Windowsは、MS-DOS時代からのBatch言語を持つが、現在のWindows 11では、標準のスクリプト言語としてはWindows PowerShellが付属している。また、過去には、VBScriptや、JavaScriptなどが実行可能となる「Windows Scripting Host」(Windows Script Hostとも)が付属していた(表01)。
Windows 11に標準搭載されているWindows PowerShellは、現行版のVer.5.1で開発が終了している。Microsoftは、後継となる「PowerShell」(頭に「Windows」がないことに注意)への移行を勧めている。今回はWindowsの標準スクリプト言語について見ていくことにしよう。
Batch言語は、MS-DOS/PC-DOSの時代に作られたスクリプト言語だ。command.com、cmd.exeの内部コマンド、外部コマンドを起動し、実行ステータスや環境変数を使ったIF文による条件判断、FOR文による繰り返しなどが利用できる。Batchスクリプトを記述した「.bat」ファイルは、拡張子を省略して実行が可能であるなど、いまだに標準スクリプト言語としての地位を保つ。しかし、1980年台に16 bit CPUのCLI用に作られたこともあり、言語としてはそれほど強力でもない。
Windows Scripting Host(WSH)は、1996年にWindows 95のアップデート機能の1つとして搭載が始まった。そもそも、WSHは、特定のスクリプト言語インタプリタではなく、さまざまなスクリプト言語をWindowsやアプリケーションに組み込むための仕組みだった。同時に、Windows 95で全面的に採用されたCOMコンポーネントを扱うための仕組みを提供した。これにより、WSH標準で動作するVBScriptとJavaScriptは、COMコンポーネントの「グルー言語」として動作した。
言語として基本的な機能を備えてはいるが、言語ライブラリとしては、ファイルや正規表現などごく一部のみが提供された。
なお、WindowsのExplorerが扱うファイル・ショートカットの作成は、現在では、WSH経由でしかAPIが提供されていない。

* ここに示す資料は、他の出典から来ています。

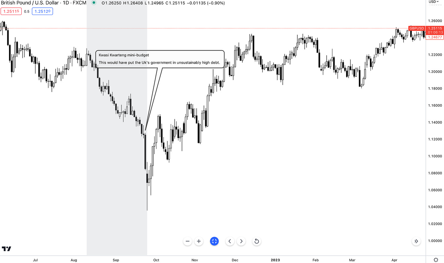 The only example I should need to reference is once again on the pound but look no further than last year when Kwasi Kwarteng the Uk’s Chancellor of Exchequer, released his ‘mini-bugdet’ plan which was set to swamp the Uk in billions of debt.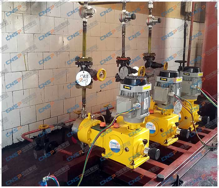 近日,中成泵業(yè)技術工程師赴吉林白城某熱電公司現(xiàn)場指導調試液壓隔膜式計量泵,這批計量泵用于輸送氨水,選擇了304不銹鋼材質泵頭,使用流量為60L/H,排出壓力為1.6MPa,選擇的型號為JYX-63/1.6。

3番目のWindowsスクリプト言語であるPowerShellは、monadのコードネームでWindows Vista用として2006年に発表された。新しいスクリプト言語が必要となったのは、1つには、Windows Serverを含め、Windows自体が高度化し、その管理のためには、Unix/Linuxのsh相当の高度なシェルを搭載する必要があったからだ。また、1990年台末に発表した「.NET構想」で提供される「.NET Framework」を扱うことができるスクリプト言語が必要だったことも理由である。こうした背景から当初のWindows PowerShellは、.NET Frameworkで開発が行われた(表02)。

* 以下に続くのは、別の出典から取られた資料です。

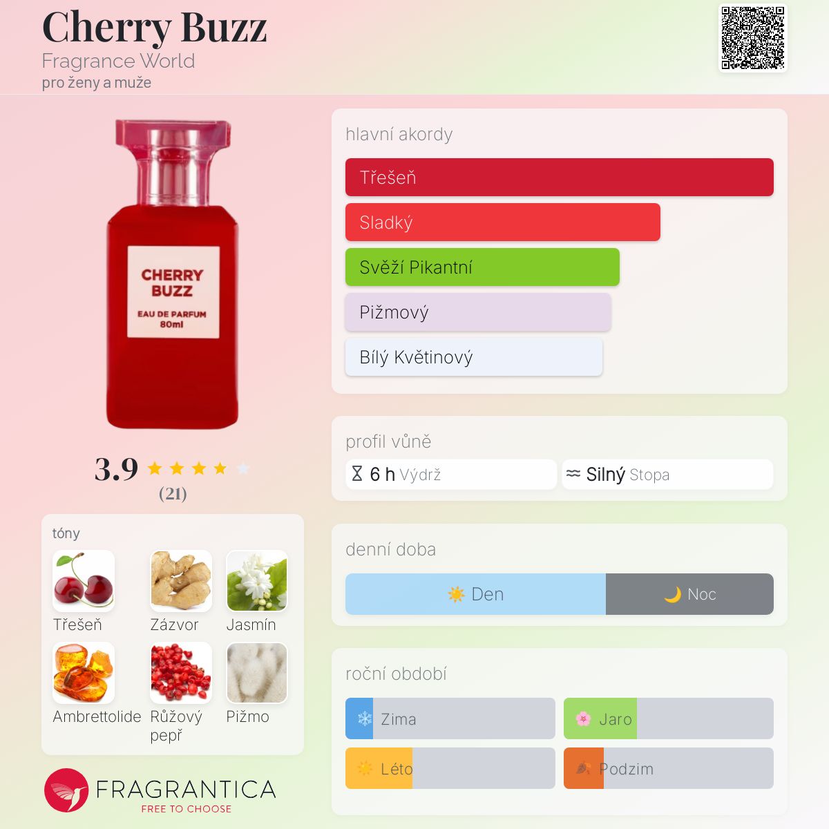 Cherry Buzz podle Fragrance World je Floral Fruity vůně pro ženy a muže. Cherry Buzz byl/a uveden/a v roce 2023. Vrchní tóny jsou Třešeň a Zázvor; střední tón jeJasmín Sambac ; základní tóny jsou Ambrettolide, Růžový pepř a Pižmo.

Windows PowerShellとは、別にPowerShell(当初はPowerShell Coreと呼ばれた)が作られたのは、.NET側の事情による。2014年にMicrosoftは、.NET Frameworkをベースにオープンソース版を開発、これを「.NET Core」と呼んだ。これをベースに作られたのがPowerShell Coreである。その後、.NET Coreは、.NETと名称を変え、PowerShell CoreもPowerShellと表記されるようになった。.NET Coreは、オープンソースで、Windowsだけでなく、Linuxなどの他のプラットフォームにも移植が行われ、PowerShellもWindows、Linux、macOSで動作するようになった。

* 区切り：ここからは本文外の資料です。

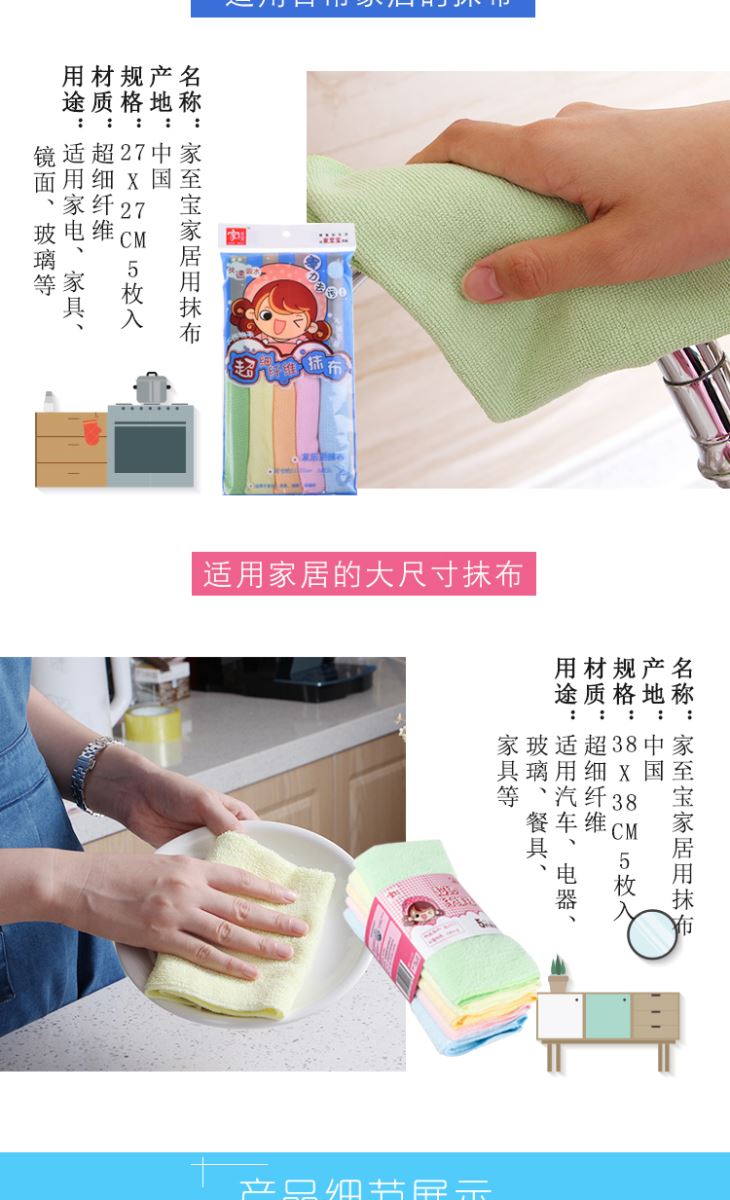 【家至寶】家居用抹布(5枚入)

.NETは、現在、定期的にバージョンアップしており、PowerShellもこれに応じてバージョンアップする。Windows PowerShellは互換性のため、.NET Frameworkに止まり、PowerShellは、.NETのバージョンアップに応じて変化していく。
ただし、.NETは、.NET Frameworkの機能をすべて継承しているわけではなく、PowerShellも、Windows PowerShellの機能をすべて継承しているわけではない。一部非互換の部分もあるのだが、PowerShellには最新の.NETに対応しているというメリットがある。
Windows 11には、標準システム・スクリプトシステムとしてWindows PowerShell Ver.5.1が付属しているが、Ver.5.1はすでに開発が終了しており、多少でもコマンドラインを利用するならPowerShell 7をインストールし、標準ターミナルをWindowsターミナルとすべきだろう。
今回のタイトルネタは、Neil R. Jonesの“The Plannet of the Double Sun(1967)”(邦題 二重太陽系死の呼び声。1972年、ハヤカワ文庫SF)である。筆者が最初に買ったSF文庫本がこれ。妙に表紙のイラストに惹かれた記憶がある。生身の脳が機械の体を得る、今でも繰り返し使われるパターンの元祖と言える。今から見ると「拙い」部分もあるのだが、1960年台、70年台には、誰も見たことがない世界だった。このあたりの作品が軒並み絶版なのが残念。